Instructions for the task:
Once the pictures are removed, return each record below exactly as written.

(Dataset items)
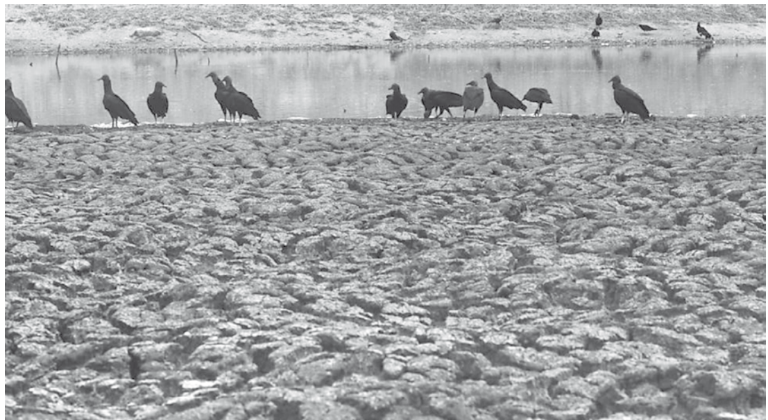
A falta de água no Nordeste: o medo que o Sudeste começou a sentir com a estiagem de 2014

*Com informações do “Jornal Folha de São Paulo”
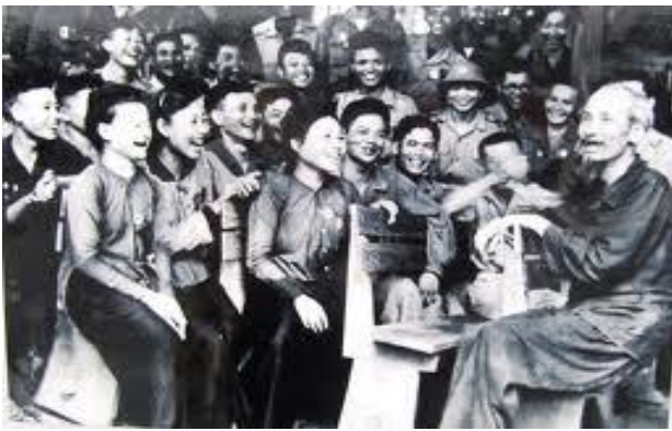
Bác Hồ với Phụ nữ Việt Nam.

Dưới ánh sáng cách mạng và khoa học của chủ nghĩa Mác-Lênin, cống hiến quan trọng của Hồ Chí Minh không chỉ dừng lại ở nhận thức về sự bất bình đẳng giữa phụ nữ và nam giới, về những người phụ nữ bị hạ nhục về tinh thần và thể xác, mà quan trọng hơn là “cái tạo thế giới”, giải phóng phụ nữ.
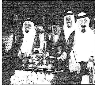
الملك عبدالله والأمير سلطان وحديث باسم مع الأمير سلمان
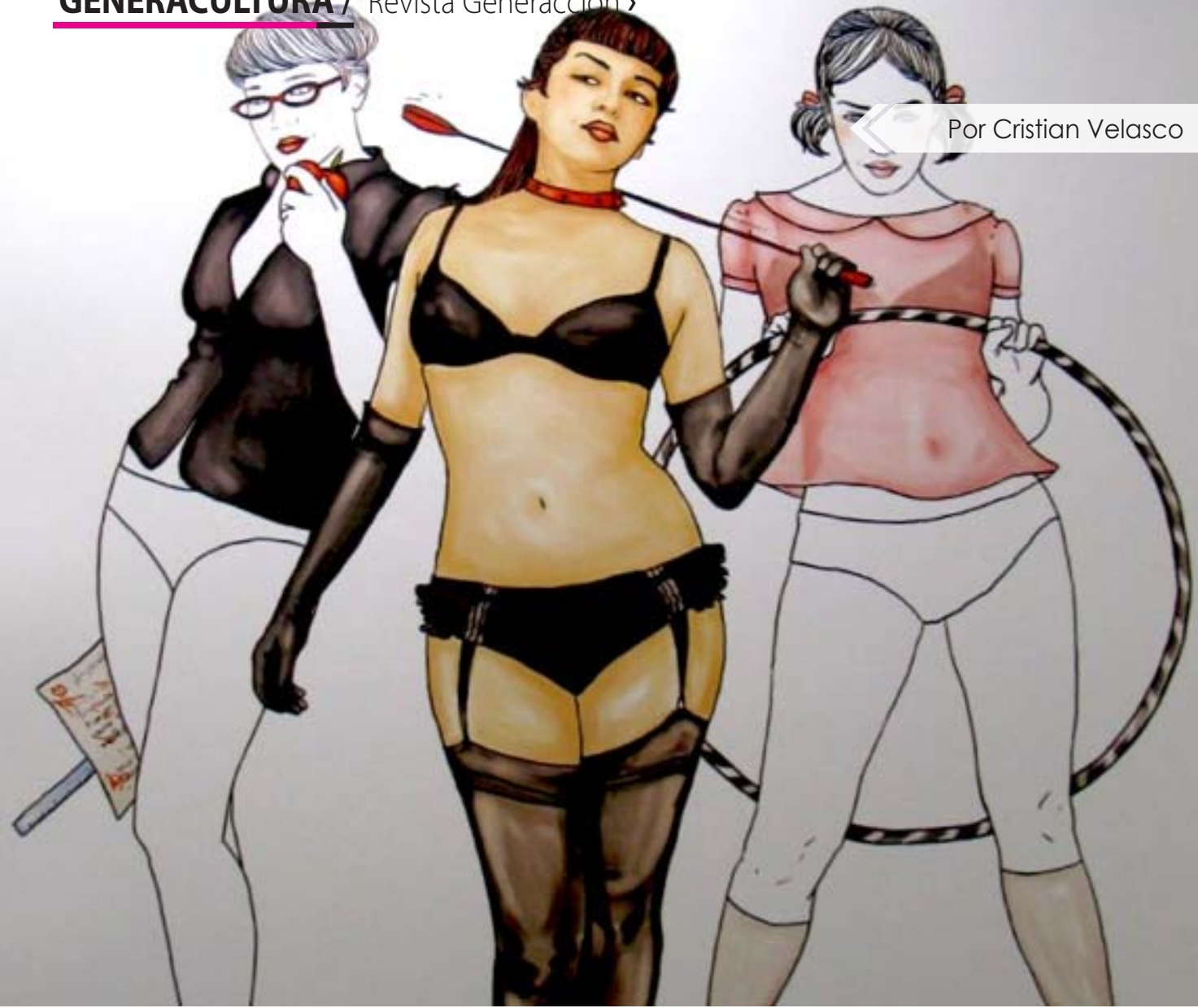
Por Cristian Velasco

de una pin-up limeña. Se muestra ligera de ropas en sus dibujos, pero sobre todo coqueta, fresca, atrevida, divertida y dispuesta a colarse en las fantasías de chicos y chicas.
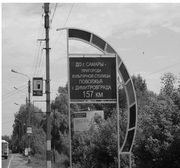
Рис.4. Знак-указатель, установленный в 2004 году в г. Димитровград

мера можно привести областные программы «Ульяновская область – здоровый регион» и разработанную летом 2017 г. концепцию внедрения интеллектуальных цифровых технологий в Ульяновской области «Умный регион» на 2017 -2030 гг.
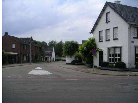
Beekpoort met aanzet richting Hushoverweg
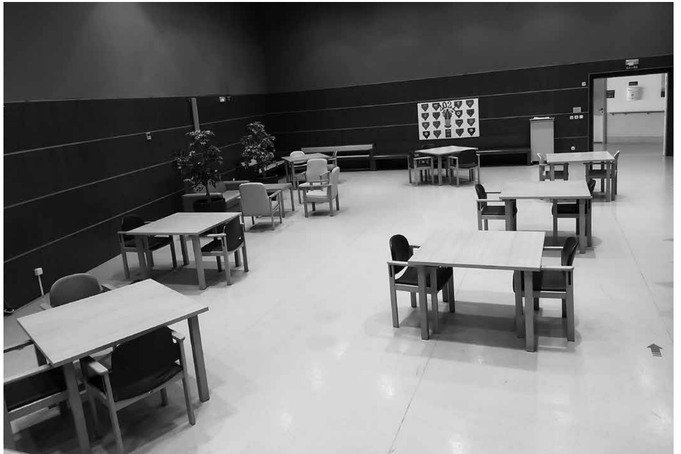
Salas interiores para disfrutar con nuestros familiares.

Gracias a la mejora notable en la situación epidemiológica y a la nueva normativa, hemos podido reanudar todos los talleres e incluir algunos nuevos. Asimismo, queremos ofrecer en breve actividades y encuentros para las familias de nuestros residentes. La puesta en marcha de este servicio se comunicará a cada una de ellas. Por otro lado, el centro ha abierto sus puertas a las familias habilitando y adecuando salas interiores para sus encuentros. Aunque estas han estado presentes en todo momento, era necesario seguir avanzando hacia la normalidad. Hemos podido hacer realidad sus demandas ofreciéndoles la posibilidad de reunión en espacios interiores y confortables para que pudiesen disfrutar con los suyos la llegada del otoño invierno.
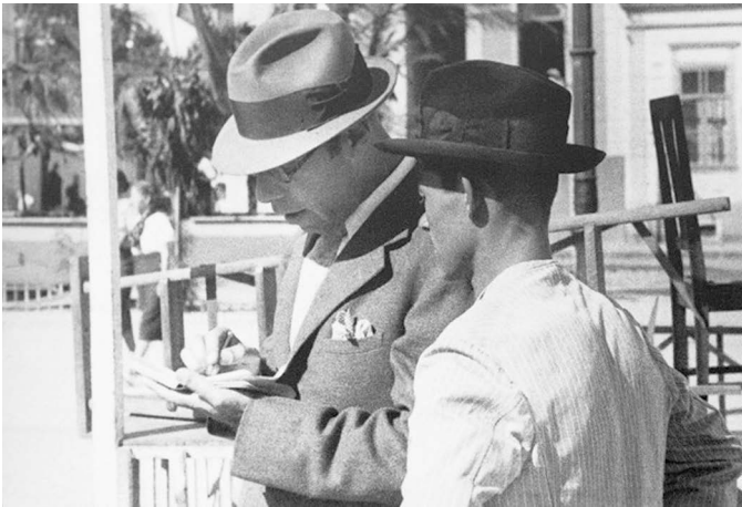
Abbildung 2: Mário de Andrade bei der Feldforschung im Bundesstaat São Paulo, zwischen 1935 und 1937 aufgenommen.
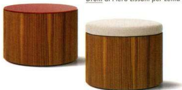
Drum di Piero Lissoni per Lema

AUTOSTRADA — Una carreggiata a due corsie, con tanto di curva, in tre diverse combinazioni di colori. E infinite possibilità compositive a caratterizzare il tappeto Autostrada di Poltronova, in lana tuffata a mano, nato in collaborazione con cc-tapis. Vera novità di quest'anno firmata Lapo Binazzi, ex membro del collettivo radicale UFO, prodotto per la prima volta nel 1990 viene rieditato in occasione del Fuorisalone. poltronova.it DRUM — Struttura portante in legno cannettato, lavorato a toro in massello di noce canaletto per la famiglia di tavolini creata da Piero Lissoni per Lema. A cilindro, ovali, ma anche quadrati, possono avere il piano in vetro verniciato, in marmo o trasformarsi in un pouf grazie all'aggiunta nella parte superiore di un cuscino in tessuto o pelle. lemamobili.com M.B.
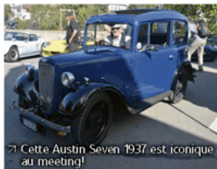
↳ Cette Austin Seven 1937 est iconique au meeting!
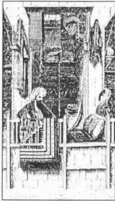
صورة رقم / ٤٢
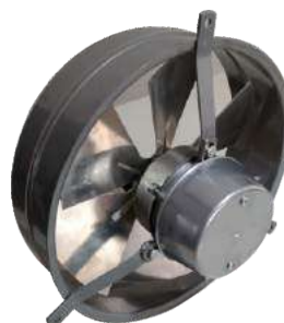
EP 25 ME Para pared.
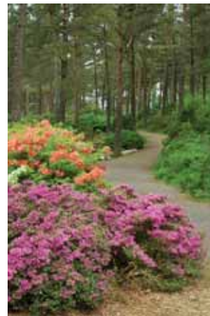
Rhododendrons dans la forêt

Des arbres et buissons européens sont exposés le long de la route de Dalsmyra à Mørkevatnet, et des plantes de l'hémisphère Sud à partir de Lynghaugen vers le sud, sur les collines dans la direction de Nydalen. La collection des plantes originaires d'Asie est plantée depuis Miniarboretet (43, 45) vers le nord jusqu'à Gjørvikhaugen et Nore Krossdalene alors que les espèces d'Amérique se trouvent d'Oldertøset jusqu'à Mørkevågen.
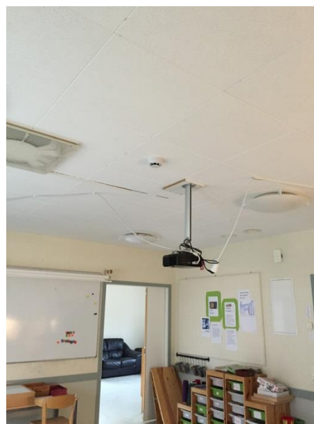
Delar av fritids/6-årsverksamhets lokaler har dåliga ljudabsorbenter eller saknar helt bullerdämpning.
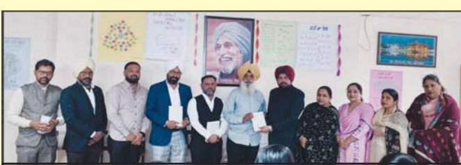
ਯੂਨੀਵਰਸਿਟੀ ਕਾਲਜ ਜੈਤੋ ਵਿਖੇ ਅੰਤਰਰਾਸ਼ਟਰੀ ਮਾਤ ਭਾਸ਼ਾ ਦਿਵਸ ਮੌਕੇ ਮਹਿਮਾਨਾਂ ਦਾ ਸਨਮਾਨ ਕਰਦੇ ਹੋਏ ਕਾਲਜ ਦੇ ਪ੍ਰਬੰਧਕੀ ਟੀਮ ਮੈਂਬਰ

ਜੈਤੋ (ਪੰਜਾਬੀ ਅਖਬਾਰ ਬਿਉਰੋ) ਪੰਜਾਬੀ ਮਾਂ ਬੋਲੀ ਅਜੋਕੇ ਦੌਰ ਵਿੱਚ ਜੁਗਗਰ ਦੀ ਭਾਸ਼ਾ ਕਿਵੇਂ ਬਣੇ ਇਹ ਸੋਚਣ ਦੀ ਪ੍ਰਮੁੱਖ ਲੋੜ ਹੈ। ਪੰਜਾਬੀ ਭਾਸ਼ਾ ਦੇ ਜ਼ਰੀਏ ਸਿਰਫ਼ ਰੋਟੀ ਦੀ ਨਹੀਂ ਬਲਕਿ ਚੌਪੜੀ ਰੋਟੀ ਵੀ ਖਾਧੀ ਜਾ ਸਕਦੀ ਹੈ। ਇੰਨ੍ਹਾਂ ਵਿੱਚਾਰਾਂ ਦਾ ਪ੍ਰਗਟਾਵਾ ਯੂਨੀਵਰਸਿਟੀ ਕਾਲਜ ਜੈਤੋ ਦੇ ਪੋਸਟ-ਗ੍ਰੈਜੂਏਟ ਪੰਜਾਬੀ ਵਿਭਾਗ ਵੱਲੋਂ ਅੰਤਰਰਾਸ਼ਟਰੀ ਮਾਤ ਭਾਸ਼ਾ ਦਿਵਸ ਸਬੰਧੀ ਕਰਵਾਏ ਸਮਾਗਮ ਵਿੱਚ ਮੁੱਖ ਮਹਿਮਾਨ ਵੱਜੋਂ ਸ਼ਾਮਲ ਹੁੰਦਿਆਂ ਕੈਨੇਡਾ
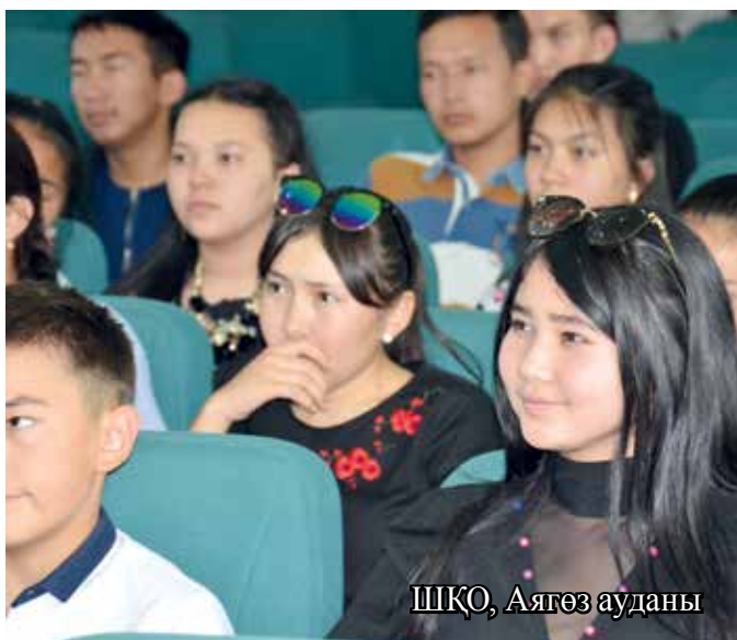
ШҚО, Аягөз ауданы

12 и 15 июня текущего года МОО «Жастар Үні» провели курс по развитию навыков предпринимательства среди учащихся 7 – 10 классов в средней школе поселка Ынтымак Жамбылского района Алматинской области. Для лучшего освоения материала дети по возрастным категориям были разделены на 2 подгруппы. В качестве лектора был приглашен бизнес-тренер
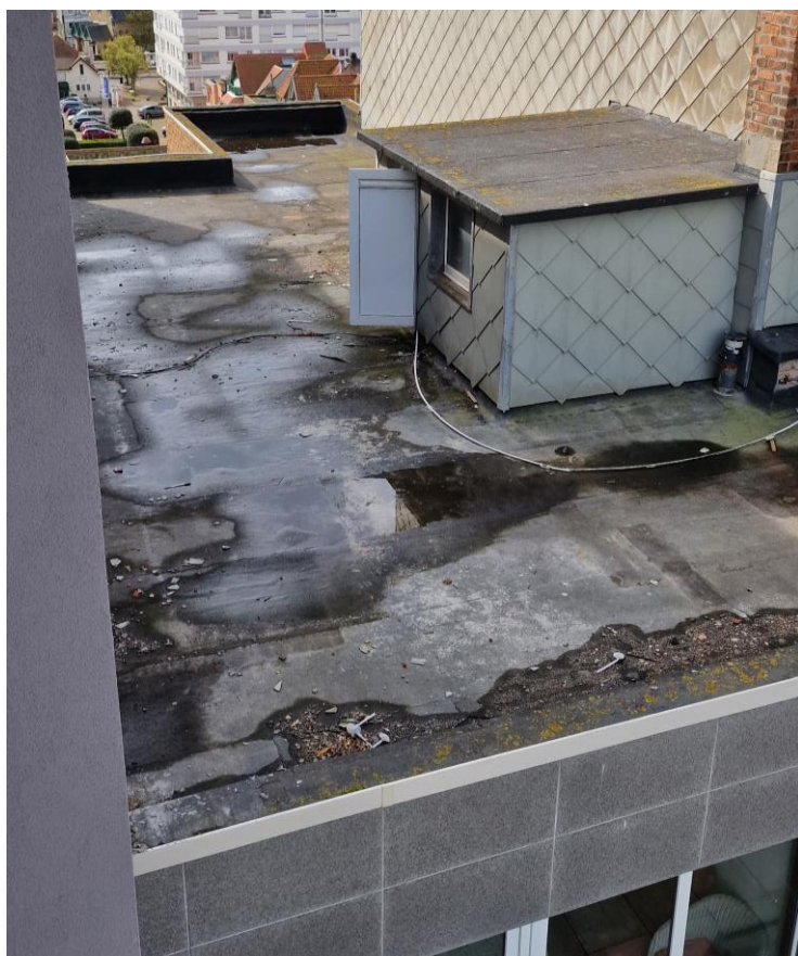
Dak aanpalend gebouw te reinigen

Eerder gemaakte opmerkingen door de aannemer te bevestigen dat ze uitgevoerd of aangepast werden.
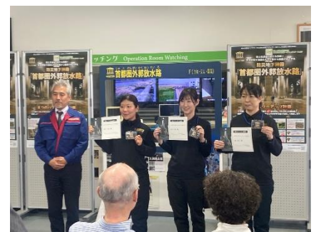
「防災コンシェルジュ」認定式の様子

デモツアーは 3 月 26 日（火）に実施され、10 社 14 名のマスコミ関係者の方々にご参加いただき、すでに公開している全体的見学箇所に加え、今回初公開となる第 3 立坑および地下トンネルの見学を行いました。また、ツアー開始に先立ち「防災コンシェルジュ」認定式が行われ、ツアーの案内を行う当社職員 11 名が「防災コンシェルジュ」に認定されました。
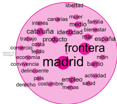
Ilustración 8. Concordancia de proteger

La masculinidad representada por Vox en Twitter muestra a un hombre protector de los entes e instituciones tradicionales como la familia patriarcal a través de la apropiación del lenguaje bélico que fue desplegado con más fuerza durante la crisis de la Covid-19. Las familias de españoles, dotadas de importancia en sus discursos y reivindicadas como núcleo central, son objeto de protección ante las élites, tal y como se observa en este tuit:

Answer box:
A falta de água no Nordeste: o medo que o Sudeste começou a sentir com a estiagem de 2014

*Com informações do “Jornal Folha de São Paulo”
Bác Hồ với Phụ nữ Việt Nam.

Dưới ánh sáng cách mạng và khoa học của chủ nghĩa Mác-Lênin, cống hiến quan trọng của Hồ Chí Minh không chỉ dừng lại ở nhận thức về sự bất bình đẳng giữa phụ nữ và nam giới, về những người phụ nữ bị hạ nhục về tinh thần và thể xác, mà quan trọng hơn là “cái tạo thế giới”, giải phóng phụ nữ.
الملك عبدالله والأمير سلطان وحديث باسم مع الأمير سلمان
Por Cristian Velasco

de una pin-up limeña. Se muestra ligera de ropas en sus dibujos, pero sobre todo coqueta, fresca, atrevida, divertida y dispuesta a colarse en las fantasías de chicos y chicas.
Рис.4. Знак-указатель, установленный в 2004 году в г. Димитровград

мера можно привести областные программы «Ульяновская область – здоровый регион» и разработанную летом 2017 г. концепцию внедрения интеллектуальных цифровых технологий в Ульяновской области «Умный регион» на 2017 -2030 гг.
Beekpoort met aanzet richting Hushoverweg
Salas interiores para disfrutar con nuestros familiares.

Gracias a la mejora notable en la situación epidemiológica y a la nueva normativa, hemos podido reanudar todos los talleres e incluir algunos nuevos. Asimismo, queremos ofrecer en breve actividades y encuentros para las familias de nuestros residentes. La puesta en marcha de este servicio se comunicará a cada una de ellas. Por otro lado, el centro ha abierto sus puertas a las familias habilitando y adecuando salas interiores para sus encuentros. Aunque estas han estado presentes en todo momento, era necesario seguir avanzando hacia la normalidad. Hemos podido hacer realidad sus demandas ofreciéndoles la posibilidad de reunión en espacios interiores y confortables para que pudiesen disfrutar con los suyos la llegada del otoño invierno.
Abbildung 2: Mário de Andrade bei der Feldforschung im Bundesstaat São Paulo, zwischen 1935 und 1937 aufgenommen.
Drum di Piero Lissoni per Lema

AUTOSTRADA — Una carreggiata a due corsie, con tanto di curva, in tre diverse combinazioni di colori. E infinite possibilità compositive a caratterizzare il tappeto Autostrada di Poltronova, in lana tuffata a mano, nato in collaborazione con cc-tapis. Vera novità di quest'anno firmata Lapo Binazzi, ex membro del collettivo radicale UFO, prodotto per la prima volta nel 1990 viene rieditato in occasione del Fuorisalone. poltronova.it DRUM — Struttura portante in legno cannettato, lavorato a toro in massello di noce canaletto per la famiglia di tavolini creata da Piero Lissoni per Lema. A cilindro, ovali, ma anche quadrati, possono avere il piano in vetro verniciato, in marmo o trasformarsi in un pouf grazie all'aggiunta nella parte superiore di un cuscino in tessuto o pelle. lemamobili.com M.B.
↳ Cette Austin Seven 1937 est iconique au meeting!
صورة رقم / ٤٢
EP 25 ME Para pared.
Rhododendrons dans la forêt

Des arbres et buissons européens sont exposés le long de la route de Dalsmyra à Mørkevatnet, et des plantes de l'hémisphère Sud à partir de Lynghaugen vers le sud, sur les collines dans la direction de Nydalen. La collection des plantes originaires d'Asie est plantée depuis Miniarboretet (43, 45) vers le nord jusqu'à Gjørvikhaugen et Nore Krossdalene alors que les espèces d'Amérique se trouvent d'Oldertøset jusqu'à Mørkevågen.
Delar av fritids/6-årsverksamhets lokaler har dåliga ljudabsorbenter eller saknar helt bullerdämpning.
ਯੂਨੀਵਰਸਿਟੀ ਕਾਲਜ ਜੈਤੋ ਵਿਖੇ ਅੰਤਰਰਾਸ਼ਟਰੀ ਮਾਤ ਭਾਸ਼ਾ ਦਿਵਸ ਮੌਕੇ ਮਹਿਮਾਨਾਂ ਦਾ ਸਨਮਾਨ ਕਰਦੇ ਹੋਏ ਕਾਲਜ ਦੇ ਪ੍ਰਬੰਧਕੀ ਟੀਮ ਮੈਂਬਰ

ਜੈਤੋ (ਪੰਜਾਬੀ ਅਖਬਾਰ ਬਿਉਰੋ) ਪੰਜਾਬੀ ਮਾਂ ਬੋਲੀ ਅਜੋਕੇ ਦੌਰ ਵਿੱਚ ਜੁਗਗਰ ਦੀ ਭਾਸ਼ਾ ਕਿਵੇਂ ਬਣੇ ਇਹ ਸੋਚਣ ਦੀ ਪ੍ਰਮੁੱਖ ਲੋੜ ਹੈ। ਪੰਜਾਬੀ ਭਾਸ਼ਾ ਦੇ ਜ਼ਰੀਏ ਸਿਰਫ਼ ਰੋਟੀ ਦੀ ਨਹੀਂ ਬਲਕਿ ਚੌਪੜੀ ਰੋਟੀ ਵੀ ਖਾਧੀ ਜਾ ਸਕਦੀ ਹੈ। ਇੰਨ੍ਹਾਂ ਵਿੱਚਾਰਾਂ ਦਾ ਪ੍ਰਗਟਾਵਾ ਯੂਨੀਵਰਸਿਟੀ ਕਾਲਜ ਜੈਤੋ ਦੇ ਪੋਸਟ-ਗ੍ਰੈਜੂਏਟ ਪੰਜਾਬੀ ਵਿਭਾਗ ਵੱਲੋਂ ਅੰਤਰਰਾਸ਼ਟਰੀ ਮਾਤ ਭਾਸ਼ਾ ਦਿਵਸ ਸਬੰਧੀ ਕਰਵਾਏ ਸਮਾਗਮ ਵਿੱਚ ਮੁੱਖ ਮਹਿਮਾਨ ਵੱਜੋਂ ਸ਼ਾਮਲ ਹੁੰਦਿਆਂ ਕੈਨੇਡਾ
ШҚО, Аягөз ауданы

12 и 15 июня текущего года МОО «Жастар Үні» провели курс по развитию навыков предпринимательства среди учащихся 7 – 10 классов в средней школе поселка Ынтымак Жамбылского района Алматинской области. Для лучшего освоения материала дети по возрастным категориям были разделены на 2 подгруппы. В качестве лектора был приглашен бизнес-тренер
Dak aanpalend gebouw te reinigen

Eerder gemaakte opmerkingen door de aannemer te bevestigen dat ze uitgevoerd of aangepast werden.
「防災コンシェルジュ」認定式の様子

デモツアーは 3 月 26 日（火）に実施され、10 社 14 名のマスコミ関係者の方々にご参加いただき、すでに公開している全体的見学箇所に加え、今回初公開となる第 3 立坑および地下トンネルの見学を行いました。また、ツアー開始に先立ち「防災コンシェルジュ」認定式が行われ、ツアーの案内を行う当社職員 11 名が「防災コンシェルジュ」に認定されました。
Ilustración 8. Concordancia de proteger

La masculinidad representada por Vox en Twitter muestra a un hombre protector de los entes e instituciones tradicionales como la familia patriarcal a través de la apropiación del lenguaje bélico que fue desplegado con más fuerza durante la crisis de la Covid-19. Las familias de españoles, dotadas de importancia en sus discursos y reivindicadas como núcleo central, son objeto de protección ante las élites, tal y como se observa en este tuit:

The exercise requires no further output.